Quirks: Hates snow, fascinated by flowers, clears his throat when he’s uncomfortable or would like to change the topic.

These sections are, by far, what I believe to be the most important when creating a character. Some authors forget that in order for characters to be relatable, they must have flaws. No one’s perfect so your characters shouldn’t be either. Besides, who likes a character who always makes the right decision, never makes mistakes, and fears nothing? Give your protagonist a gambling problem, anger issues, a weakness, an insecurity he/she has to overcome, a phobia of water, or flying, or dogs, or cats, or blue birds—anything to make them feel like real people.

 

Character Role: Main hero (Protagonist)

Occupation: Crown Prince

Culture: German Royalty

Cultural Background: German culture is very strict and formal. Germans are hard workers, firm and to the point.

Ethnic Background: German

Native tongue: German

This section is less for your readers and more for you. Filling in these sections will help you decide how much or how little influence a character’s culture and background have on him/her. Doing a bit of research on this part may prove to be very useful and it will definitely help to make your writing more believable.

 

Hobbies: Strolling the palace gardens, exploring the old castle ruins, exploring his secret room, reading, visiting the village, spending time with his friends, playing tennis, pallie mallie, and golf, reading Greek mythology.

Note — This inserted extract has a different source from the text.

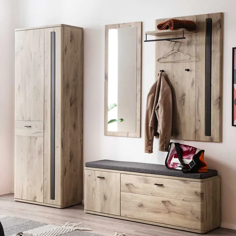 - Aktuelle Garderobenmöbel in Wildeichefarben und Dunkelgrau

Skills: Sword fighting, novice archer, horseback riding, can fluently speak German and French (in the process of learning English), ballroom dance, knows how to play, tennis, pallie mallie, and golf, knows the names of various plants and flowers, adequate at chess.

Deciding what your character is good at and what he/she does in his/her free time also help to make your character more realistic. After all, we all have interests, things we are good at, and things we do in our spare time—so should your characters.

 

Living Arrangements: Lives at the Palace of Rosenstaat with his grandfather, King Gregory.

Education: Homeschooled by his tutor, Herr Christof.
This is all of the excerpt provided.